MCP = "I can find and connect to any tool"

They are complementary. Agents discover available tools through MCP and call those tools through Function Calling.

📚 RAG and Knowledge Management

Q22: RAG retrieval quality is poor — how to optimize?

A: RAG optimization is a systems engineering effort. In priority order:

Improve chunking strategy: Split by semantics rather than fixed length, maintain paragraph integrity
Optimize embedding model: Try text-embedding-3-large or domain fine-tuned embeddings
Hybrid retrieval: Combine vector retrieval + BM25 keyword retrieval
Add reranking: Use Cross-Encoder to rerank results after retrieval
Metadata filtering: Pre-filter using document time, source, category, etc.

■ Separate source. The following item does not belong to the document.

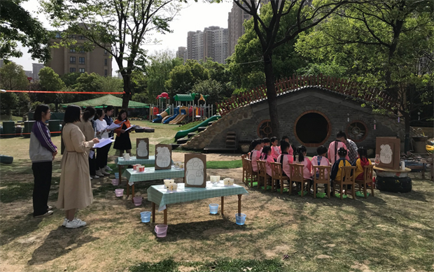 活动中,大家首先走进户外种植区进行观摩。种植区是幼儿与大自然亲密接触的宝贵资源,它不仅为幼儿提供了随机观察、探索、管理的机会,能够让幼儿接触自然,关注植物,感受生命的生长,还可以培养幼儿的责任心及热爱劳动的美好情感。课题组组长周婷玉老师带领全体成员观摩了国宾幼儿园的户外种植园地,并介绍了孩子们平时如何进行种植体验,老师需要提供怎样的环境支持等。接着,沈婕老师带来了一节小班美术《花园变漂亮了》活动课,沈老师聚焦户外课堂,将劳动教育与美育相融合,新颖的教学形式让大家耳目一新,深受启发。
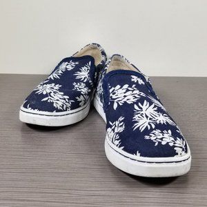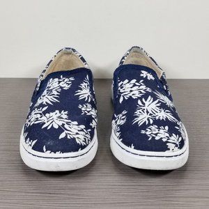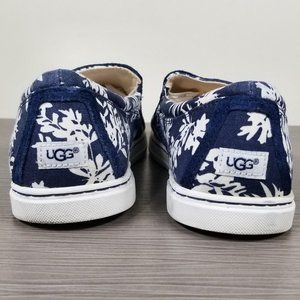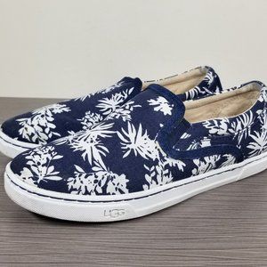 UGG Navy Canvas Fierce Tropical Flower Print Slip On Sneakers Blue White Size 7

Q23: Which vector database should I choose?

Database	Best For	Features
ChromaDB	Development/prototyping	Lightweight, embedded, zero-config
FAISS	Large-scale offline retrieval	Meta-built, extremely fast, pure in-memory
Pinecone	Production environments	Fully managed, auto-scaling
Weaviate	Hybrid search needed	Vector + keyword hybrid, GraphQL API
Qdrant	Advanced filtering needed	Rust-built, excellent filter performance

🧠 Context and Prompt Engineering

Q24: Prompt is too long and the model "forgets" middle content — what to do?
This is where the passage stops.